Fair value measurement

From time to time, the fair values of non-financial assets and liabilities are required to be determined. This may include situations when the entity acquires a business, determines allocation of purchase price in an asset deal or where an entity measures the recoverable amount of an asset or CGU at fair value less cost to sell. Fair value is the price that would be received to sell an asset or paid to transfer a liability in an orderly transaction between market participants at the measurement date. The fair value of an asset or a liability is measured using the assumptions that market participants would use when pricing the asset or liability. A fair value measurement of a non-financial asset takes into account a market participant's ability to generate economic benefits by using the asset in its highest and best use or by selling it to another market participant that would use the asset in its highest and best use.

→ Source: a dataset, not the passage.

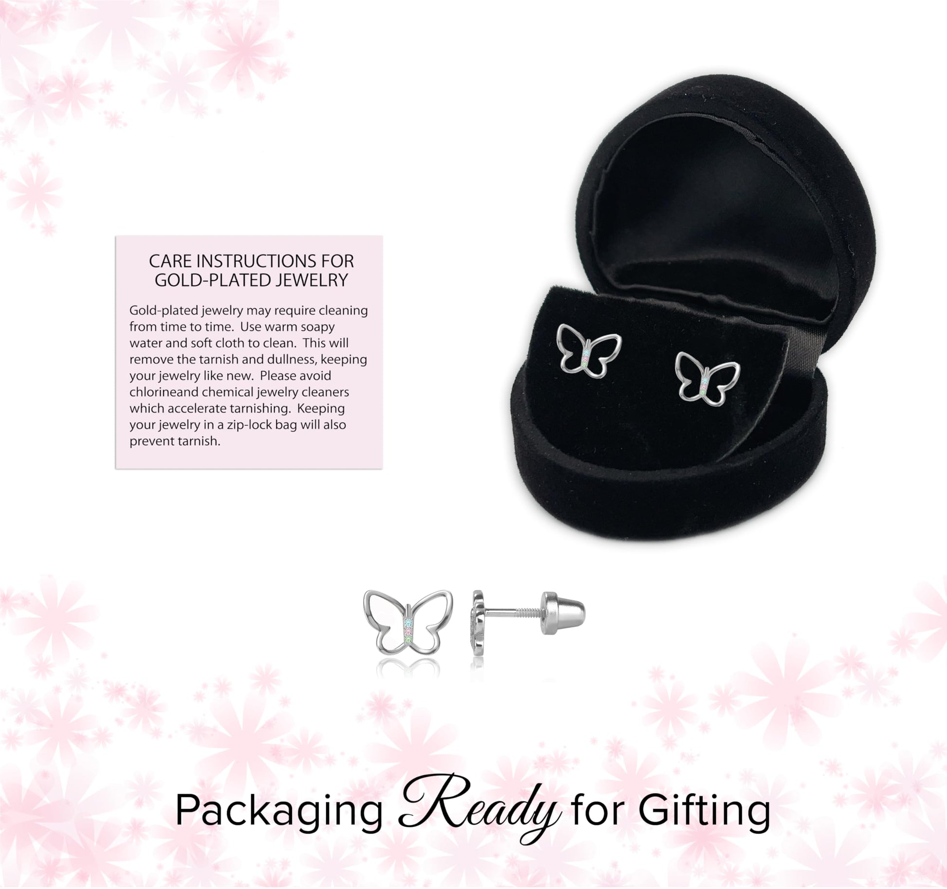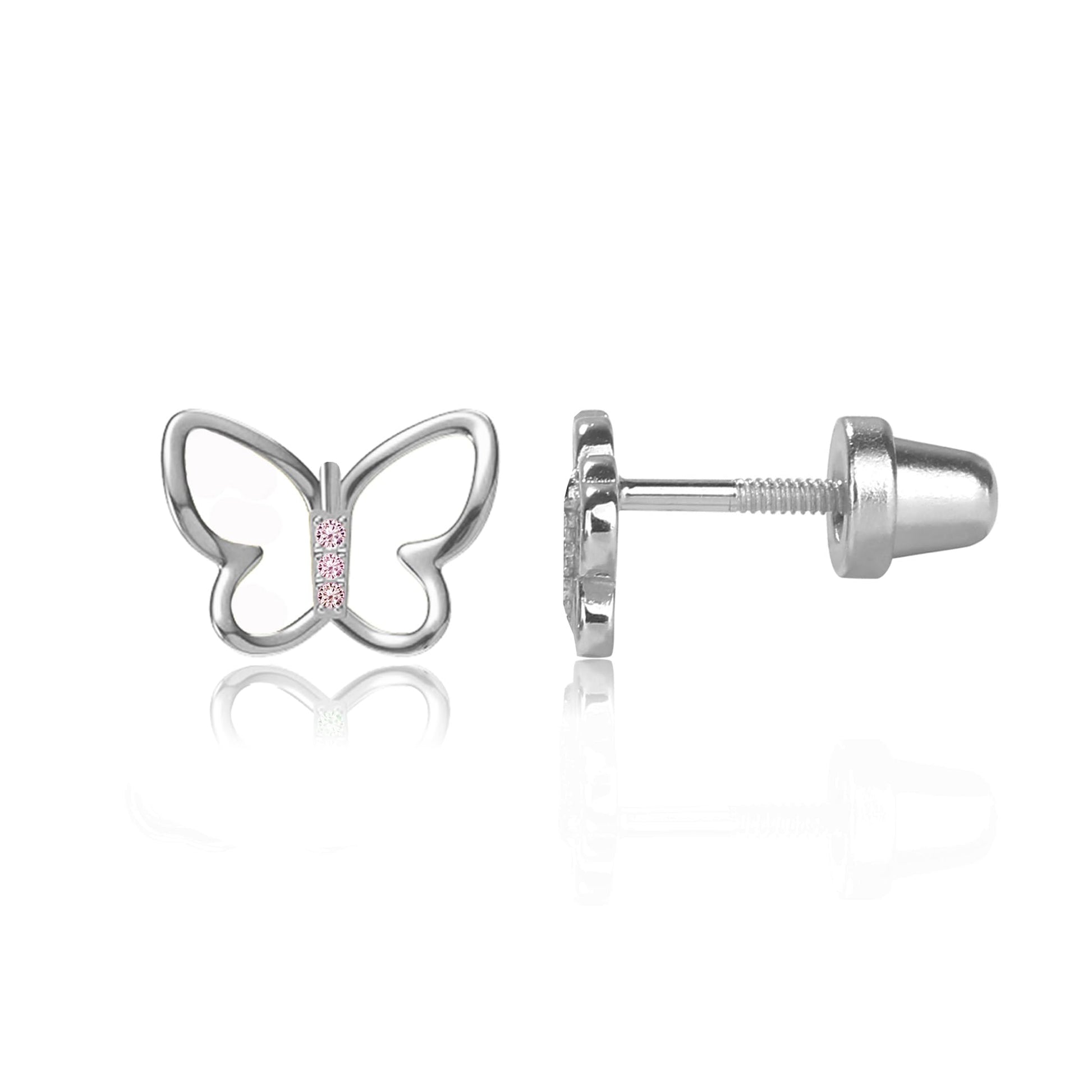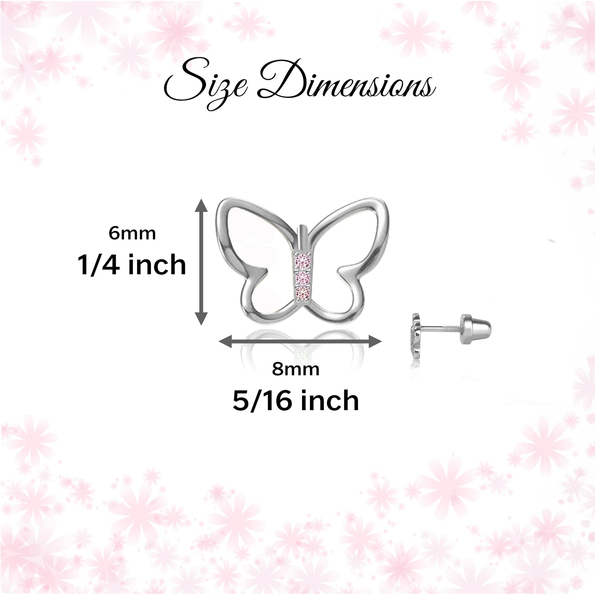 - PREMIUM QUALITY – Adorable butterfly earrings are designed using .925 sterling silver and feature sparkling pink CZ stones. They are hypoallergenic and nickel free so they will not irritate sensitive ears. These make a timeless keepsake she will treasure forever.

The company uses valuation techniques that are appropriate in the circumstances and for which sufficient data are available to measure fair value in order to maximise the use of relevant observable inputs and minimise the use of unobservable inputs. The fair value of oil fields in production and development phase is normally based on discounted cash flow models, where the determination of the different input in the model requires significant judgment from management (ref. chapter regarding impairment above).

Asset retirement obligations

Production of oil and gas is subject to statutory requirements relating to decommissioning and removal. Provisions to cover such future asset retirement obligations is recognised at the time the statutory requirement arises, which is defined as when the equipment has been installed or a well has been drilled. The estimates are uncertain and may vary in response to many factors including changes to relevant legal requirements, the emergence of new restoration techniques or experience at other production sites. The expected timing and amount of expenditure can also change, for example in response the changes in reserves or changes in laws and regulations or their interpretation. A premise in the estimation for the future obligations is current technology and market conditions. As such, there is also inherent risk related to future developments in technology and market prices. Furthermore, future price levels, market conditions and development in technology can impact the timing of the closing of production and thus the timing of abandonment. The company is reviewing the estimates and assumptions related to asset retirement obligations to ensure the financial statements reflect the company's best estimate at any reporting date.

Note 4. Segment reporting

The company has identified its reportable segment based on the nature of the risk and return within its business. The company's only business segment is development and production of oil and gas on the Norwegian continental shelf.

Note 5. Operating income

Revenues from crude oil and gas sales:

Amounts in NOK `000 2020 2019
Sale of liquids 1 373 994 2 486 165
Sale of gas 278 317 449 470
Total revenues from crude oil and gas sales 1 652 311 2 935 635
Sales volumes in boe* 2020 2019
Sale of liquids 4 079 188 5 024 339
Sale of gas 1 729 642 2 086 178
Total sale of petroleum 5 808 830 7 110 517
Production volumes in boe* 2020 2019
Production of liquids 4 136 945 4 727 480
Production of gas 1 772 976 2 084 515
Total production 5 909 921 6 811 995

*Barrels of oil equivalents

YME compensation contract breach:

Amounts in NOK `000 2020 2019
YME compensation contract breach - 22 098
Total - 22 098

On 11 March 2013 Repsol Norge AS as operator for and on behalf of the Yme licence entered into a settlement agreement with Single Buoy Moorings Inc ("SBM") terminating the Yme MOPUstor project for a settlement contribution by SBM to the Yme licence, including termination of the existing agreements hereunder releasing SBM from its delivery obligation related to fabrication and lease of production facilities to be applied at the Yme field, terminating arbitration proceedings and decommissioning of the Yme MOPU. As part of this settlement the parties agreed in that if SBM were to receive any future claim recoveries under its CAR insurance relating to the Yme project, an amount equal to 50% of SBM's net recovery (after deductions for expenses and legal costs) shall be paid by SBM to the Yme partners.

On 10 September 2018 SBM announced full and final settlement of its insurance claim related to the Yme project, after partial settlements had previous been announced by SBM on 17 July 2017, 11 August 2017 and 9 August 2018. NOK 115 million represented OKEA's estimated share of this settlement and was recognized in 2018. In February 2019, the partners agreed on the expenses and legal costs to be deducted. The final amount received was NOK 22 million higher and was recognized in 2019.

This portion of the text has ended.